In the NFL and NCAA , the impact of pass interference calls first dates back in the late 1970s – early 1980s when the Mel Blount rule was enforced. In modern times, football has shifted to be more offense oriented to keep the game appealing. The outcomes of several important games have been affected, such as the 2018 NFC Championship when Rams DB Nickell Robey-Coleman hit Tommylee Lewis of the Saints on a pass from Drew Brees. The no-call sent waves from fans across social media outlets. The call was made due to Brees's pass being non-catchable. The Rams went on to win that game to advance the Super Bowl LIII before falling to the Patriots. In the aftermath of the game the NFL considered experimenting with challenges of pass interference.

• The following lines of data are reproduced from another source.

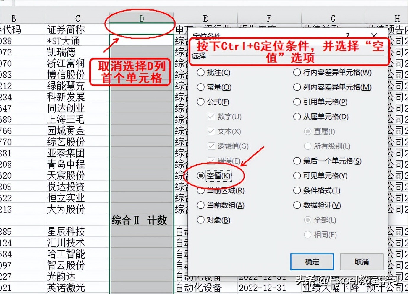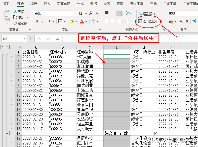 定位空值的目的是将D列中所有空单元格选定,以便后续将这些连续的空单元格进行合并操作。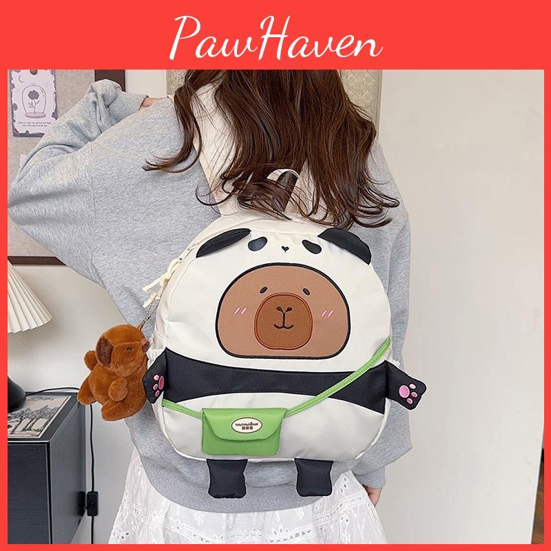 Capybara Print Student Backpack With Breathable Fabric And Ergonomic Shoulder System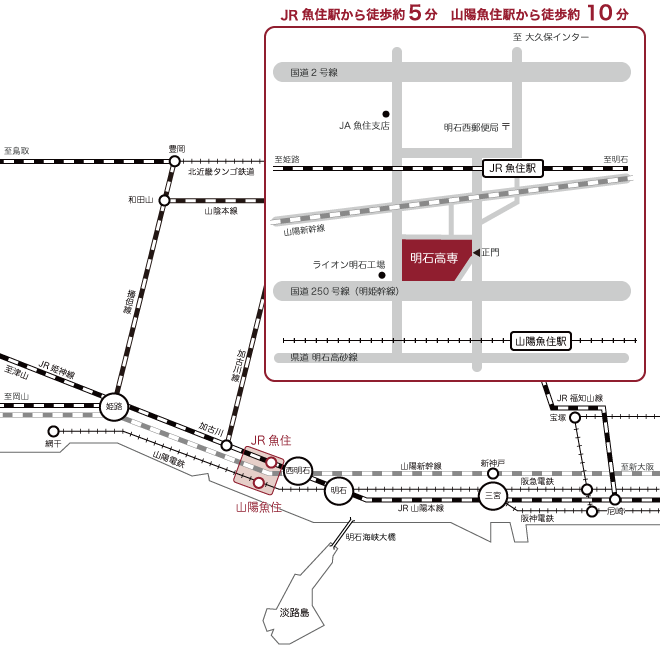 - 山陽電鉄の場合、山陽魚住駅には、特急は止まりません。特急の場合、三宮方面からお越しの方は山陽明石駅、姫路方面からお越しの方は東二見駅でお乗り換え下さい。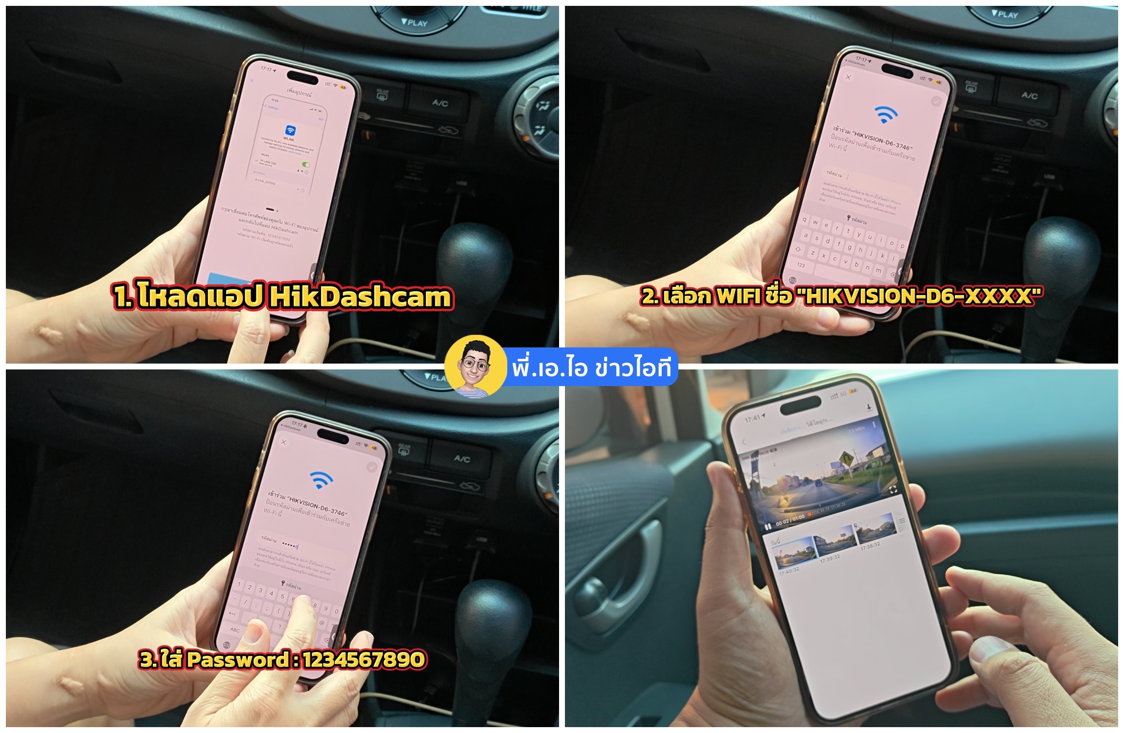 3. จัดสายไฟแล้วต่อสายไฟ ดูว่าไฟเข้าหรือเปล่า หลังจากนั้นก็เชื่อมต่อแอป HIK Dashcam ครับ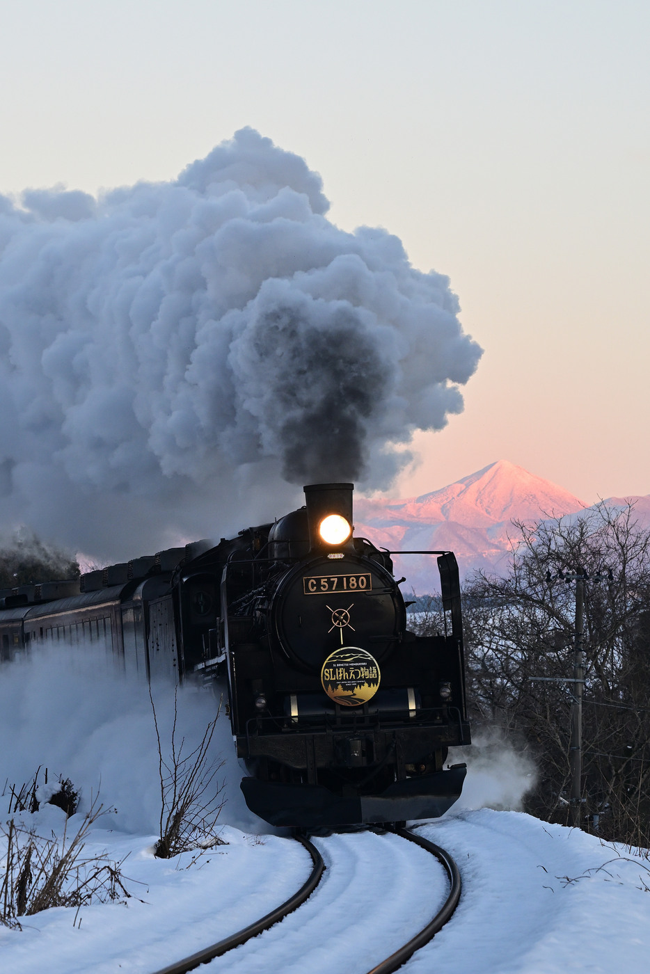 -(290 KB)線路は陰ってしまいましたが、磐梯山輝いていました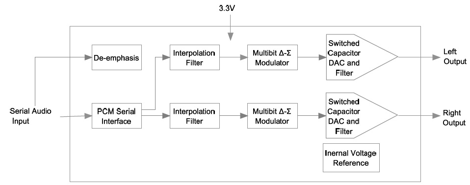 器,內(nèi)部集成了內(nèi)插濾波器、DA轉(zhuǎn)換器和輸出模擬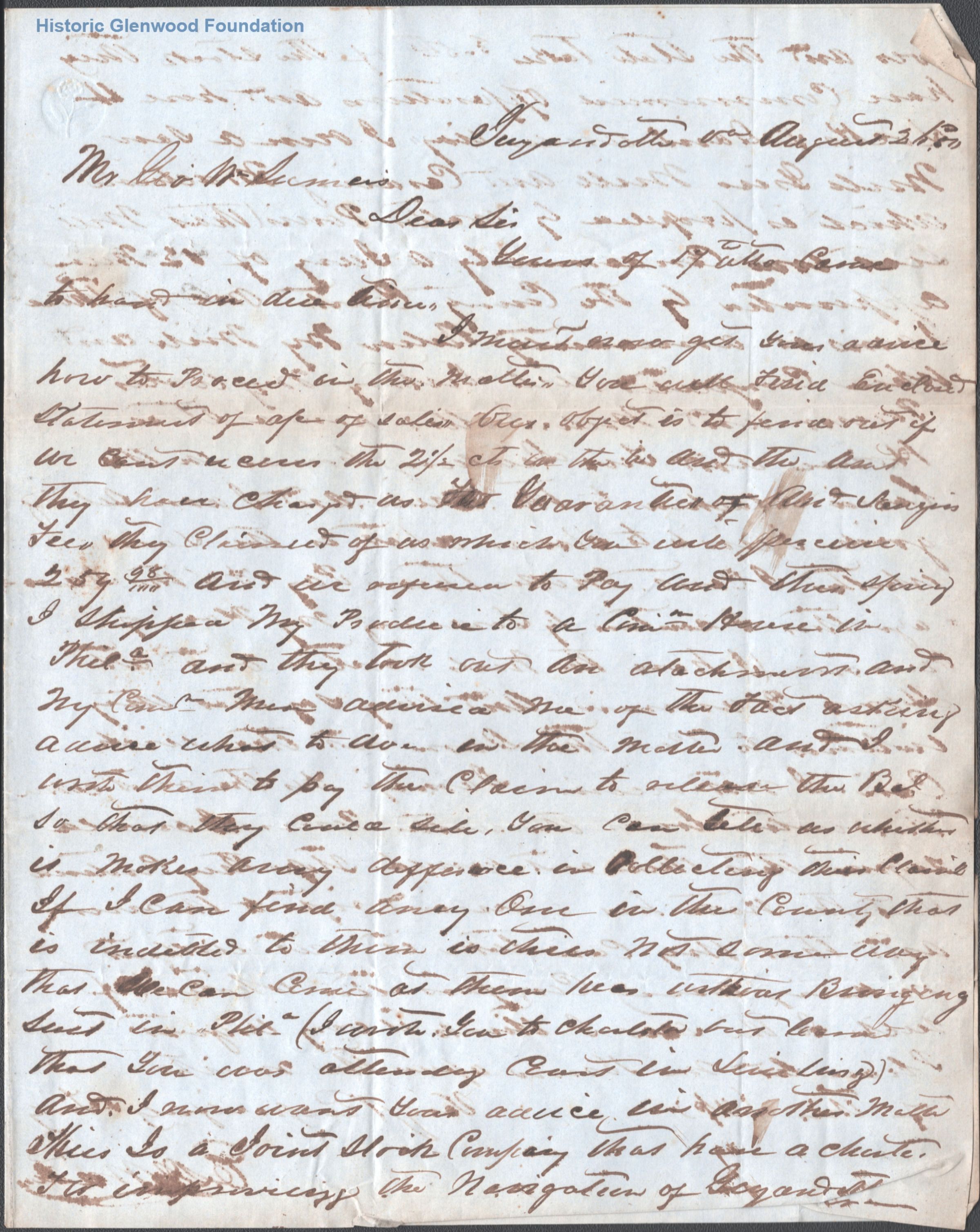 Correspondence with legal client: E. Walton; August 3, 1850

In Super Bowl LVII down the final stretch of the Chiefs game-winning drive, Eagles cornerback James Bradberry was flagged for pass interference on Chiefs receiver JuJu Smith-Schuster, allowing the Chiefs to milk down the clock and score a go-ahead field goal with minimal time on the clock for the Eagles, allowing the Chiefs to capture their 3rd Super Bowl in 4 seasons. The flag triggered mixed reactions from sports outlets and fans. But many analysts said this was the correct call. Eagles's DB Bradberry admitted that he tugged on the jersey of Smith Schuster.